Third Circuit Holds PMI Termination Date Remains Tied to Original Home Value, Not Value at Time of Loan Modification

On March 9, 2017, the U.S. Court of Appeals for the Third Circuit, in a case construing the Homeowners Protection Act’s (HPA) requirements on the termination of private mortgage insurance (PMI) following a loan modification, held that the termination date remains tied to the original value of the home, and not the value of the home at the time the loan is modified.

The facts on appeal were straightforward. The borrower bought a home in 2007 for $553,330, taking out a loan of $497,950 to help fund the purchase. Because the loan-to-purchase-price ratio was more than 80%, the borrower had to obtain PMI until the ratio reached 78%, which was projected to occur before March 2016. The borrower began struggling to make payments and entered into a loan modification agreement with the servicer in January 2011, reducing the principal balance to $463,737. Pursuant to the loan’s modified amortization schedule, the outstanding principal balance would reach 78% of the home’s original value in July 2014. The servicer, however, informed the borrower that PMI would not be terminated until 2026, a date ten years later than the pre-modification termination date and 12 years later than the recalculated date. The servicer explained the 2026 termination date on the basis that, at the time of the loan modification, it had substituted its broker price opinion (BPO) of $420,000 for the home’s original value. Because the BPO was a much smaller amount than the original home value, the outstanding principal balance would not be paid down to 78% until 2026.

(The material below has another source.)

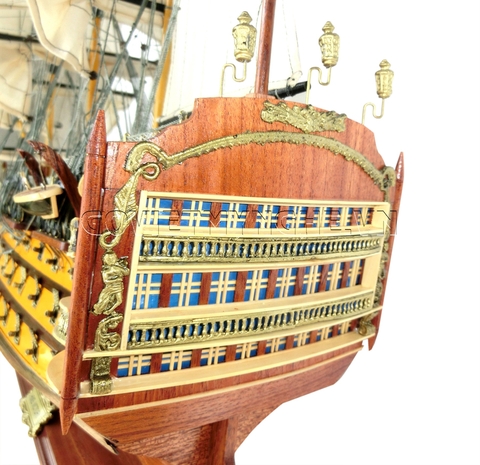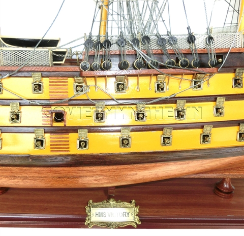 - Đế tàu bằng gỗ sơn màu đen, phía trên có đính kèm bảng tên đồng " HMS VICTORY"

The borrower contended that by relying on the BPO to calculate the PMI termination date, rather than the home’s original value, the servicer violated the HPA. The Third Circuit ruled in favor of the borrower, holding that the HPA requires calculation of the PMI termination based on the home’s original value which, under the HPA, is the lesser of the purchase price or the home’s appraised value at the time of purchase. Because the servicer based the new PMI termination date on the BPO conducted at the time of the loan modification, instead of the home’s original value, the Court found that the servicer violated the HPA.